JESSE JAMES'S BURIED GOLD
THE LONGEST LIST OF THE LONGEST
STUFF AT THE LONGEST DOMAIN NAME AT LONG LAST
Jesse Woodson James
Jesse Woodson James was a
notorious American outlaw of the 19th century, ironically son of a Baptist
minister, Reverend Robert James. Born on September 5, 1847 in Kearney, Missouri,
Jesse James had to see his father die when he was eight and his mother Zerelda
marry again twice, before his life was definitely altered by the outbreak of the
American Civil War.
Missouri was divided between Unionists and Southern
sympathizers when Frank James, Jesse's older brother, left home to fight for the
rebel cause in 1861, before he went outlaw. In 1864, Jesse James joined Frank as
a "bushwhacker" fighting under such commanders as "Bloody Bill" Anderson, and
killing Unionist sympathizers when he was only 16 years old.
Frank and Jesse grew up fearless and developing skills with horses, shooting,
and what it was called "the fine art of disappearing in the woods", knowing
perfectly well their surrounding countryside, including all the roads, deer
trails, and river crossings. Over time, this knowledge was not only useful to
their robberies but to make bigger the legend of Jesse James' buried gold.
After being involved in several massacres, wounded
near the end of the Civil War and getting his family banished from the state of
Missouri by Union authorities, Jesse James and his brother joined their old
friend in outlawry, robbing countless banks.
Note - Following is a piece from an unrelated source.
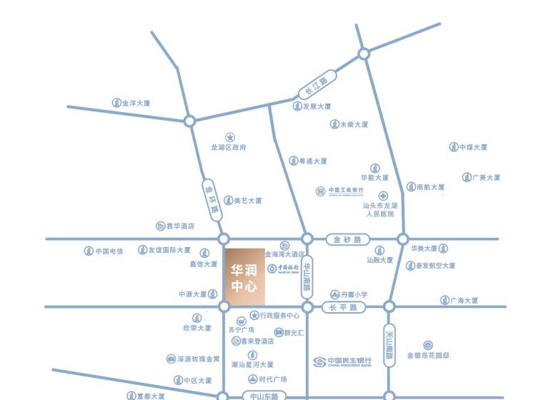 位于汕头市龙湖区原南国商城地块,扼守金砂路、金环路、长平路三大城市交通主动脉,周边集聚全市约70%以上甲级写字楼、约80%以上金融机构、约75%以上政府机关,商务圈与商贸圈双圈聚合
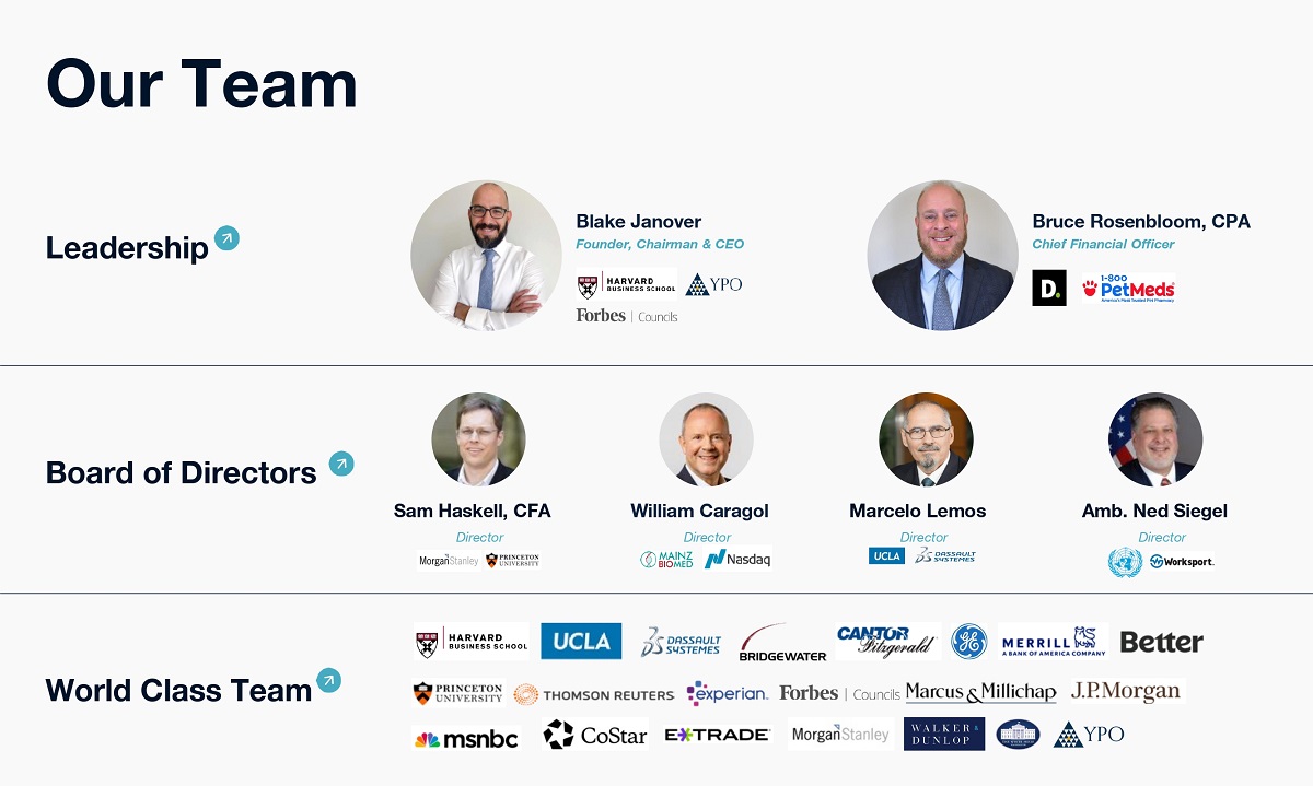 Our Team Blake Janover F o un d e r , C h airma n & CEO Bruce Rosenbloom, CPA C hi e f F i n a n c ia l Off i c e r Wi l li a m C a r ag o l Director Sam Haskell, CFA Director Marcelo Lemos Director Amb. Ned Siegel Director Leadership Board of Directors World Class Team

Jesse gained fame by himself after robbing the Daviess County Savings
Association in Gallatin, Missouri in 1869, and shortly after claimed as the
American Robin Hood after his train robberies and techniques described by
contemporary newspapers.
Eventually, Jesse and Frank married and moved to
Nashville trying to live peacefully under other names, but Jesse returned to
crime in 1879 with a new gang. Jesse James was killed on April 3, 1882, after
secret negotiations of the Ford brothers with the Missouri governor, who put up
a $10,000 reward for each of the James brother, dead or alive around the legal
limit on state-offered rewards.
After his death, rumors of Jesse James's survival proliferated and later were
associated to a buried chest of gold. Some people believe he lived in Guthrie,
Oklahoma, as late as 1948, while others are convinced he lived in Granbury,
Texas, until 1951 when he died at the age of 103. Although Jesse James' body
buried in Missouri was exhumed in 1995 after a court order was granted.
DNA analysis gave a 99.7% match to Jesse James
death in 1882, but Frank James could not identify the body of his brother a few
hours after Jesse James's death. The mystery of the gold equally remains
unknown. Some legend situate Jesse James' gold in Devil's Canyon in southwest
Oklahoma but others claim it is buried near Paragould in northeastern Arkansas.
The Constitution Tribune of Arkansas told a story revealing a buried treasure
which bandit Jesse James was said to have buried. That chronicle in February 28,
1940 was used as reference 13 years later, the Dixon Evening Telegraph, reported
seven digger farmers in the Black river near Paragould charging $1 a person to
watch the treasure hunting operation. Gold still not found.